Ser amable no es ser tonto

ANTONIO RUIZ SÁNCHEZ
(Periodista)


Dicen que ya casi nadie es amable. Parece que cada uno está centrado en sus tareas diarias y vamos con prisa a todos lados sin dedicar ni una palabra amable a nadie.

La amabilidad es dar valor a las personas. Una persona amable posee empatía, humildad, paciencia, generosidad y respeto por los demás. Según los expertos, protege el sistema nervioso contra la ansiedad, estabiliza el estado de ánimo y nos saca del ensimismamiento y la obsesión. Se ha observado que los actos de bondad en los niños son fuente de energía y seguridad. Además, investigaciones recientes afirman que bebés de tan sólo seis meses ya están preparados para ayudar y elegir conductas altruistas hacia sus iguales. Así que cualquier puede ser amable. Aunque es cierto que algunas personas nos lo ponen muy difícil. Porque ser amable no es ser tonto.
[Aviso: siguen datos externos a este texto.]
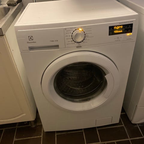 Electrolux frontmatad tvättmaskin som tar liten plats, bara ca 40 cm djup, och tvättar 4 kg. Tvättmaskinen har något skadad gummipackning (bälg), se bild, och läcker lite grann vatten vid användningen, annars felfri.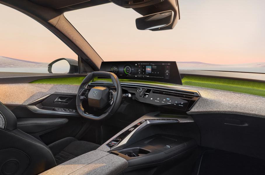 Интерьер у e-5008 точно такой же, как у дорогих версий e-3008. Есть i-Cockpit с 21-дюймовым слегка изогнутым дисплеем, возвышающийся над передней панелью, левая половина которого отведена под показатели приборов, а правая — под управление мультимедийной системой. По центру — настраиваемые кнопки быстрого доступа i-Toggles, всего их 10. Рулевое колесо усечено сверху и снизу, на нем расположены сенсорные элементы управления. Будет у кроссовера и версия GT, отличия которой сводятся к более спортивному оформлению салона, 20-дюймовым дискам и наличию адаптивного круиз-контроля.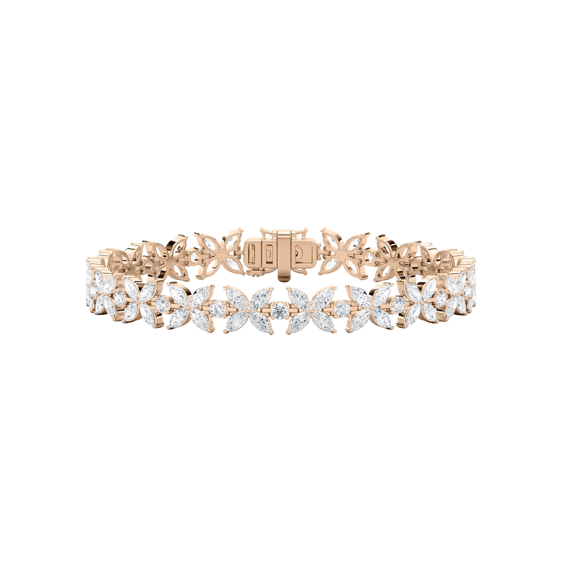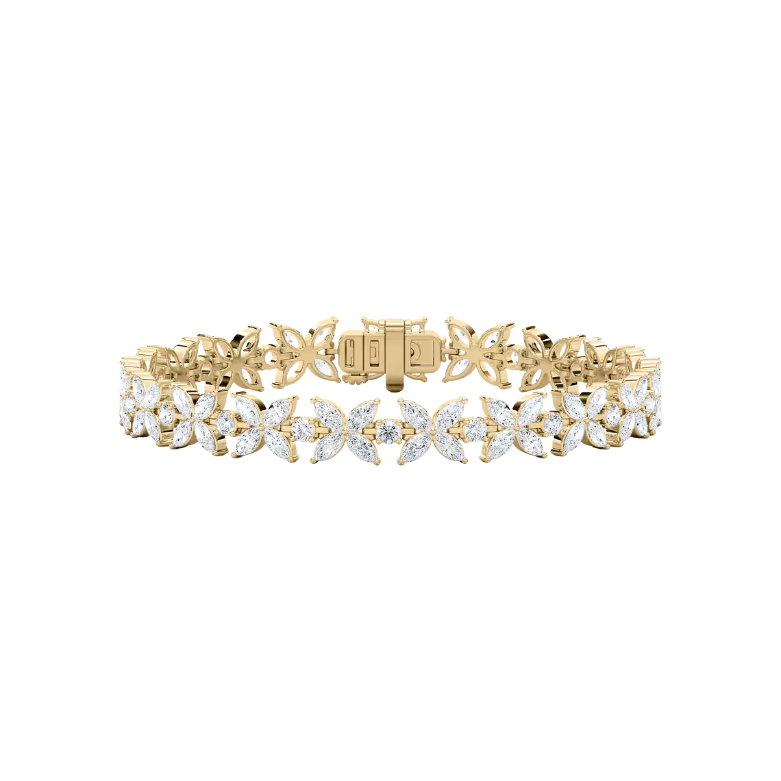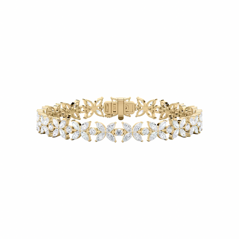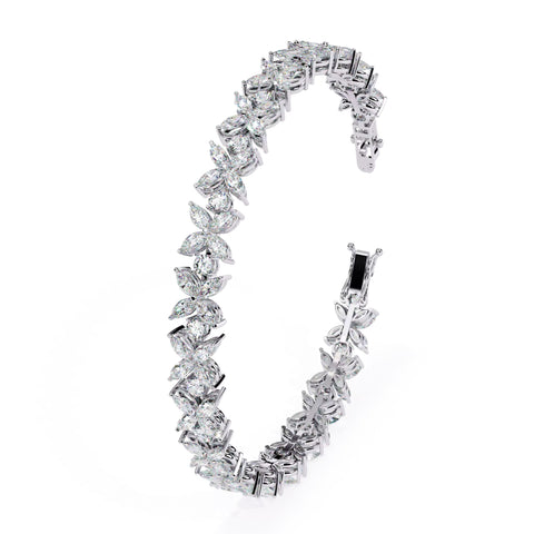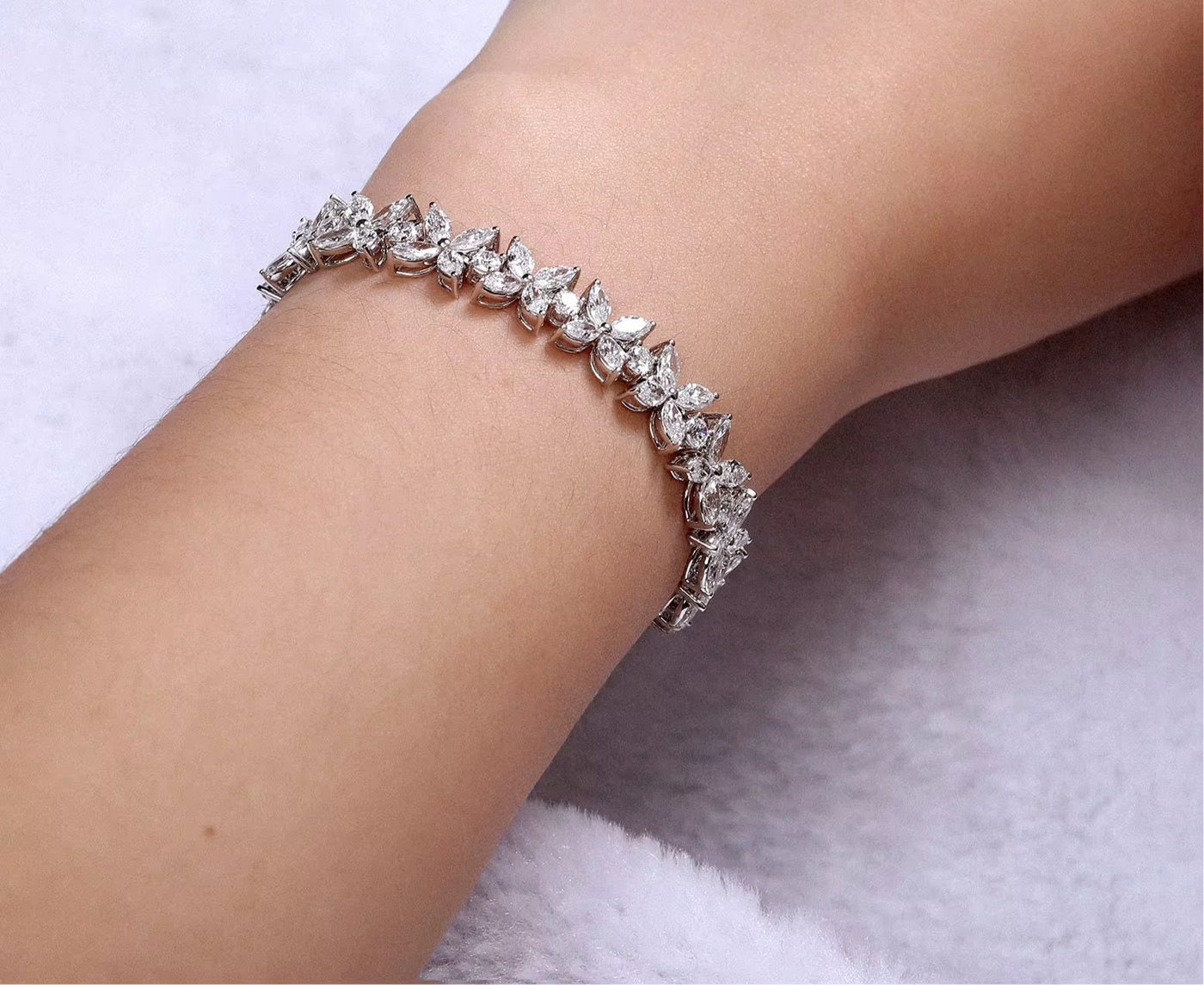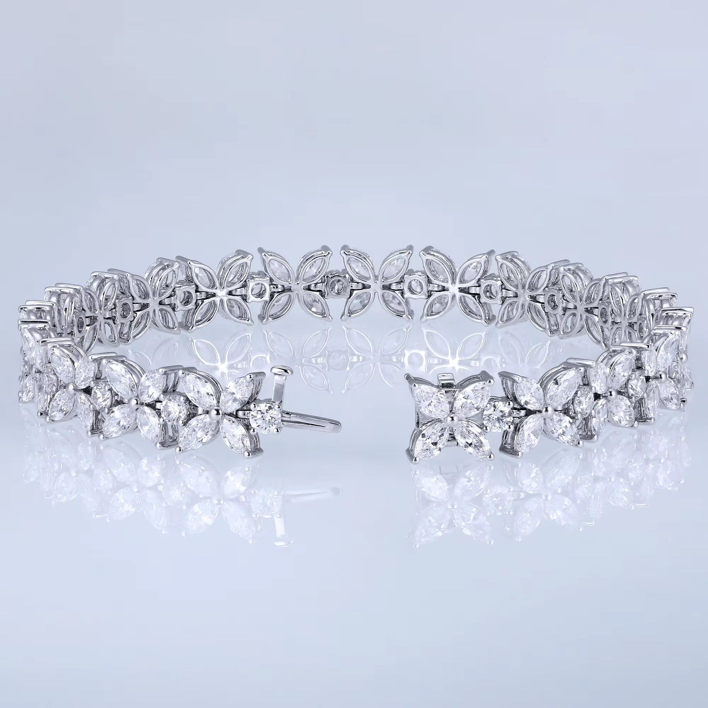 Timeless and elegant, our Florence Tennis Bracelet has approximately 120 Moissanite marquise and round stones a must-have for any jewelry collection. This bracelet features a stunning combination of round and marquise shaped stones arranged into elegant floral designs. The sophisticated flower design is a true symbol of everlasting beauty and elegance. Pair with our Florence necklace and earrings for a stunningly complete look.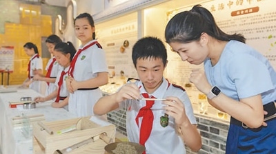圖為學(xué)生們?cè)谶M(jìn)行中醫(yī)藥研學(xué)。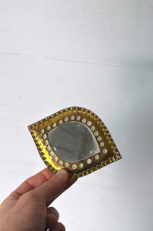 Facilement reconnaissable ces petits miroirs en laiton dorés et lumineux en forme d'œil, d'arche, de carré ou de goutte s'associent harmonieusement pour créer des nuages de miroirs pour un formidable effet décoratif sur un mur de salon, un couloir d'entrée ou dans une chambre.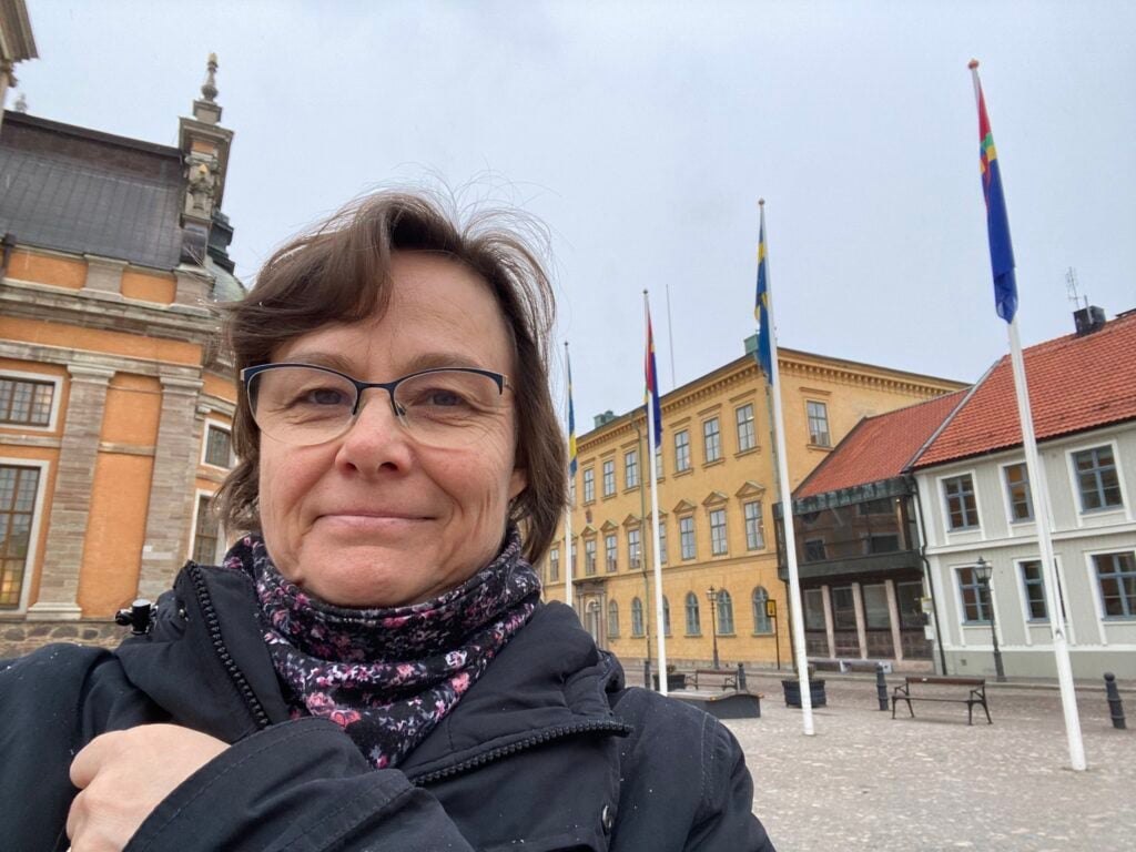 På bilden ser du vår gruppledare Annika Carlsson Wistedt framför flaggstängerna på Stortorget där den samiska flaggan vajar.

Tampoco hay que dejarse pisotear por alguien abusivo o aprovechado ni dejar que nadie nos trate mal.

Realmente todos tenemos un gen amable. Sólo que unos deciden usarlo y otros no.
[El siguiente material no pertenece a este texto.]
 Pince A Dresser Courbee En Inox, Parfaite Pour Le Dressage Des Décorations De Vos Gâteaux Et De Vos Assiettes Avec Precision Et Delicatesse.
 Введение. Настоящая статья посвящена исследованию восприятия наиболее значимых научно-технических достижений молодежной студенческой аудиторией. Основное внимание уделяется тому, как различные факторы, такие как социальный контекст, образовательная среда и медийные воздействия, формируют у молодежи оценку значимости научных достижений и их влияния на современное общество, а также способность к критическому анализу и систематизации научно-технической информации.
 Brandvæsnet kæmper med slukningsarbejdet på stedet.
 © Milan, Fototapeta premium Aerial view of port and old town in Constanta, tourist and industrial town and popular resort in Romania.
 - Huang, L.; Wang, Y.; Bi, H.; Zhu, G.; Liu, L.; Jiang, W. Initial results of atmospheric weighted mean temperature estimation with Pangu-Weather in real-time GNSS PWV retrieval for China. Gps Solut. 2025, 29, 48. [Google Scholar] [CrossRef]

También hay que tener en cuenta que que la amabilidad a veces hay que usarla en su justa medida porque podemos resultar falsos. Tampoco se debería usar para conseguir algo del otro. Eso no es amabilidad, es manipulación.

La amabilidad es la elegancia del alma. Quizás parezca que la bondad se ha perdido. Pero no. Está en cada uno utilizarla o no. Al final “sienta bien hacer el bien”. Será el gen amable que todos llevamos dentro.